ACSA CEO Pat Sparrow says that while aged care is a “uniquely human industry” and while recognising that things can go wrong, she says it is also an industry committed to continuous improvement and addressing problems where they occur.
“We believe there is no room in our community for poor or inattentive care and we have zero tolerance for criminal abuse, assault or negligence,” Ms Sparrow says.
“We acknowledge that in recent times there has been increasing community concern about the quality of aged care.
“We want the Royal Commission to focus on the root cause and critical issues facing aged care.
“This will give us the foundation to deliver on public expectations in the future.
“As the peak body for not-for-profit aged care providers, we believe the attention a Royal Commission will bring to the sector can be harnessed for the good of all Australians.”

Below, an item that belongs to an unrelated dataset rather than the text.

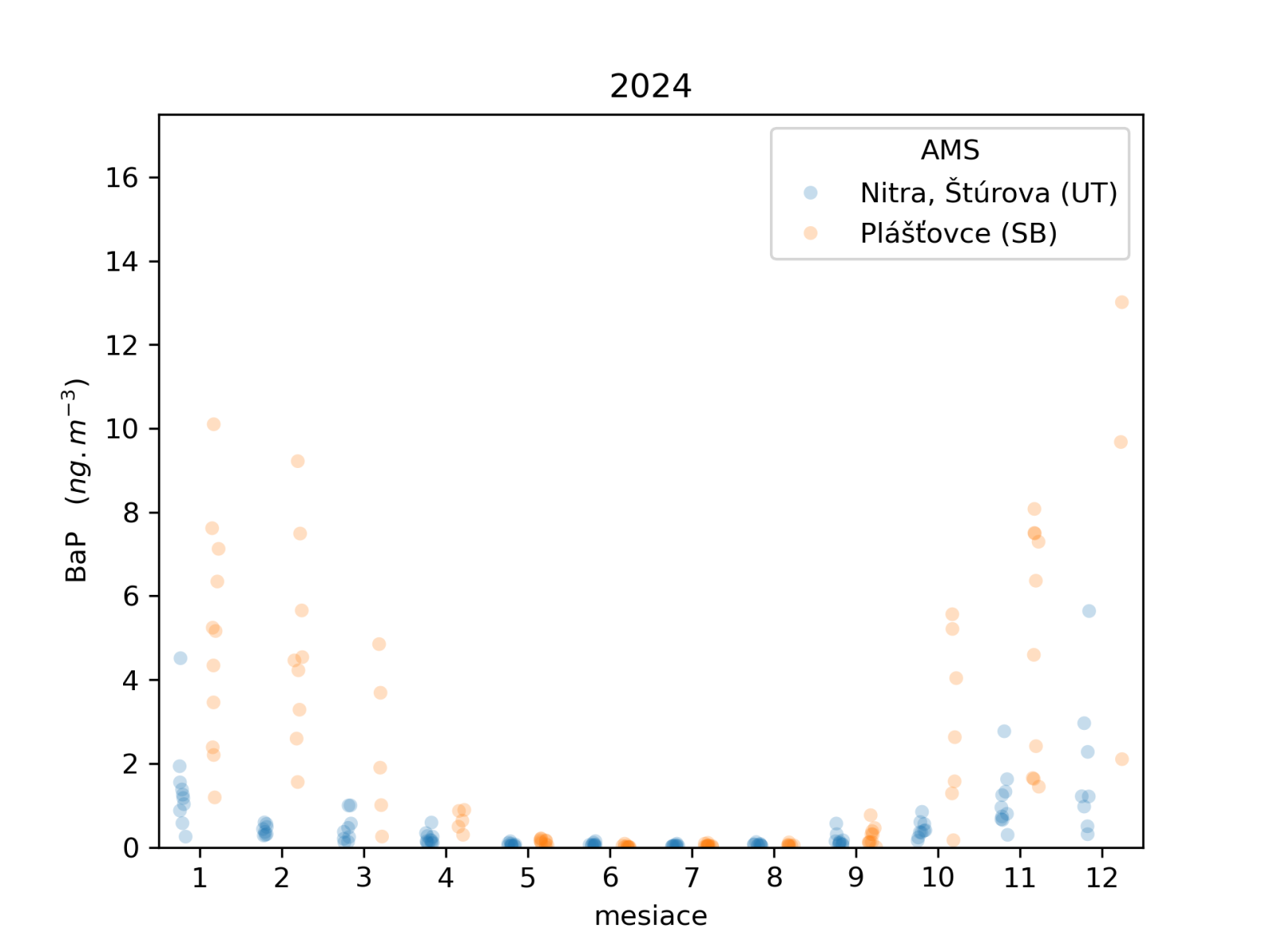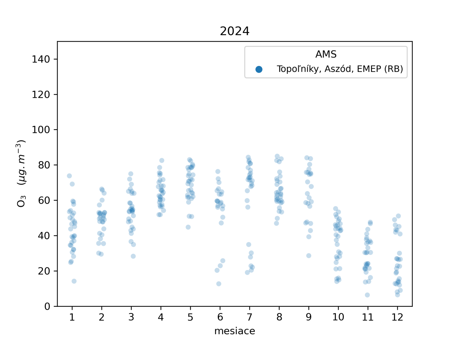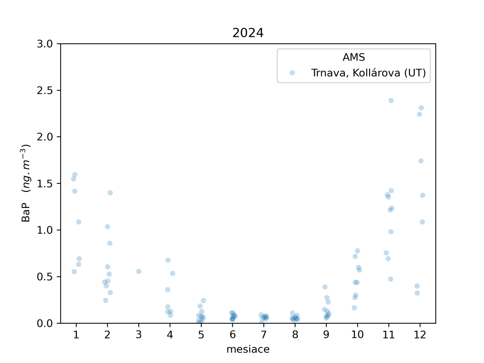 | Priemerné denné koncentrácie PM10, PM2,5, benzo[a]pyrénu (BaP), NO2 a O3 v roku 2024 | Priemerné denné koncentrácie PM10, PM2,5, benzo[a]pyrénu (BaP), NO2 a O3 v roku 2023 | Priemerné denné koncentrácie PM10, PM2,5, benzo[a]pyrénu (BaP), NO2 a O3 v roku 2022 | ||

A number of the Australian public has taken to social media in lieu of the announcement to share their thoughts and opinions on the prospect of a Royal Commission into aged care.
Some on Twitter, like @thehawkflyshigh, are sharing their relief at the talk of a Royal Commission into aged care and are supporting Prime Minister Morrison: “I am relieved that a #RoyalCommission into #AgedCare is being implemented. I know first hand of negligence, non compliance and a major concern of OHS in aged care facility. It is appalling the way the elderly are treated. Good on you, job well done.”
With others, like @annierun, highlighting the now Prime Minister’s past actions: “So @ScottMorrisonMP calls a #RoyalCommission into #agedcare. Remind us how much money was removed from this sector when you were treasurer????”
@THE_Russell also jumped on board saying: “Scomo cut 2.5 billion from Aged Care and now wants a Royal Commission to determine WHY?”
More of the public, and a number of disability peak bodies, also spoke openly and honestly on social media in relation to the need for greater focus on young people with disability living in aged care homes, who are included in the announced Royal Commission.
As well as looking to address issues affecting older Australians and young people with disability in aged care, Prime Minister Morrison, and the aged care peak bodies, all hope the Royal Commission will also help to “get a better handle” on what more needs to be done to prepare the system for the increase in demand that will occur in the next decade as the baby boomer generation reaches an age where they will need support from the aged care system.
No date for the commencement of the Royal Commission has been announced, with the industry expecting it to run “well into 2019”.